= PROBLEM TO WORK ON =
Please set down the lines of the listing exactly, from its first line to the line with "This sparkling cherry", leaving the pictures out.

----- SOURCE MATERIAL

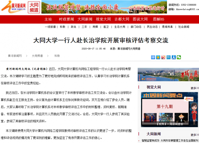 黄河新闻网大同讯(记者胡雁)近日,大同大学计算机与网络工程学院一行10人赴长治学院考察交流。本次调研学习的主题是为了更好地完成即将到来的审核评估工作,认真学习长治学院计算机系在审核评估工作中的宝贵经验。
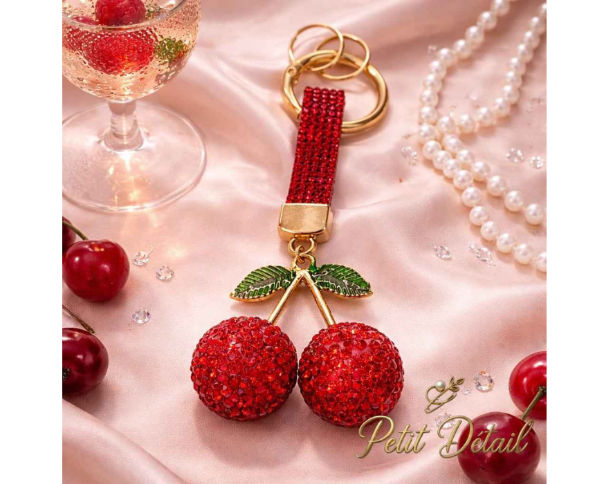 This sparkling cherry bag charm features a glossy decorative design with shimmering accents and a secure clasp for easy attachment. Perfect for styling on handbags, backpacks, or totes, it adds a playful yet stylish touch to everyday looks. Lightweight and eye catching, it is ideal for personal use or as a thoughtful gift.
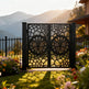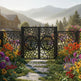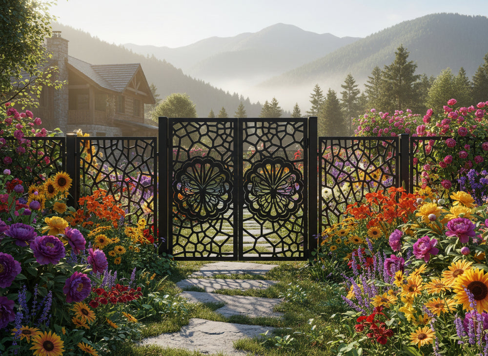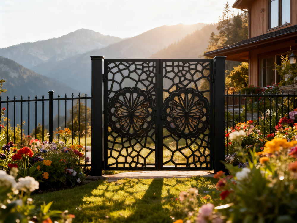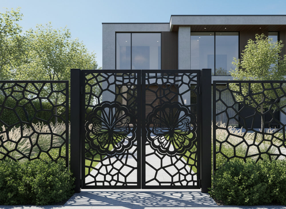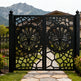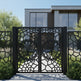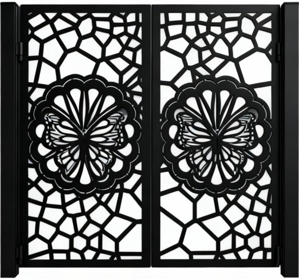 A door that celebrates symmetry and transformation. Buttermosaic Passage features two mirrored panels, each centred around a stylized butterfly enclosed in a scalloped circular frame. Surrounding the butterfly is a mosaic of irregular polygonal shapes, creating a stained-glass effect in metal. Ideal for garden entries, courtyard transitions, or artistic boundaries that blend nature’s grace with geometric precision.
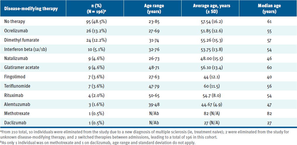Approximately half of the admitted patients were not on any DMT (48.2%) (TABLE 2). The median age among the group not taking any DMT was comparable to the median age of the treated group. The median age was lower for the group taking fingolimod and natalizumab (40 years and 46 years, respectively), compared with the other treatment groups (Table 2). The most common DMTs for admitted patients were ocrelizumab and dimethyl fumarate (13.1% and 12.1%, respectively). No major trends were identified when causes of admission were compared with DMT used. Also, no differences were observed in admission due to infectious causes in patients on high-efficacy therapy vs low- to moderate-efficacy therapy. The most common causes of admission for untreated patients were MS exacerbation (15.7%), UTI (11.0%), and pulmonary infection (7.9%). The most common causes for admission in patients who were on a DMT were neurologic deficits of unclear etiology (13%), UTI (13%), and skin infection (5.8%).
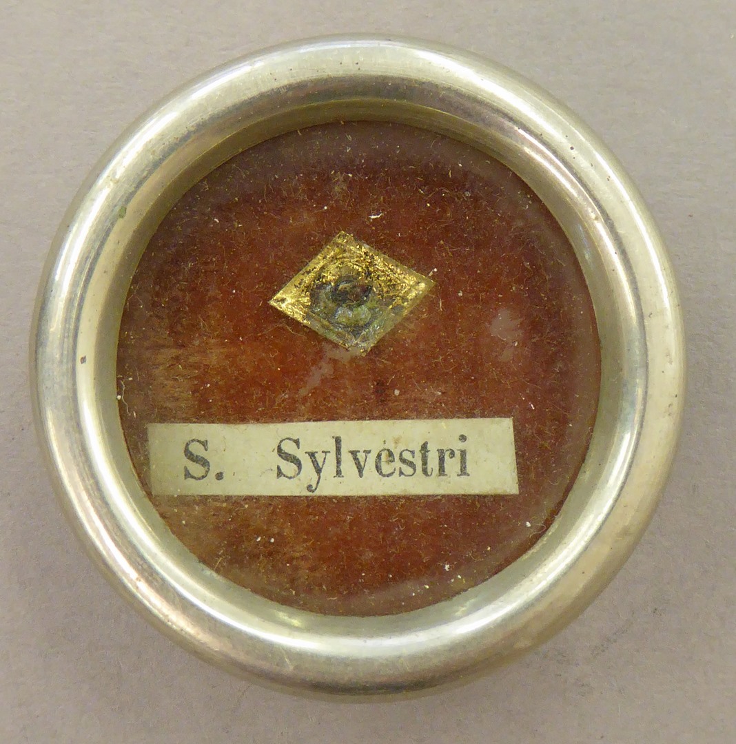 Reliekmedaillon met reliek St. Sylvester, met zegel aartsbisschop A.I. Schaepman

----------

= RESULT BELOW =
 黄河新闻网大同讯(记者胡雁)近日,大同大学计算机与网络工程学院一行10人赴长治学院考察交流。本次调研学习的主题是为了更好地完成即将到来的审核评估工作,认真学习长治学院计算机系在审核评估工作中的宝贵经验。
 This sparkling cherry bag charm features a glossy decorative design with shimmering accents and a secure clasp for easy attachment. Perfect for styling on handbags, backpacks, or totes, it adds a playful yet stylish touch to everyday looks. Lightweight and eye catching, it is ideal for personal use or as a thoughtful gift.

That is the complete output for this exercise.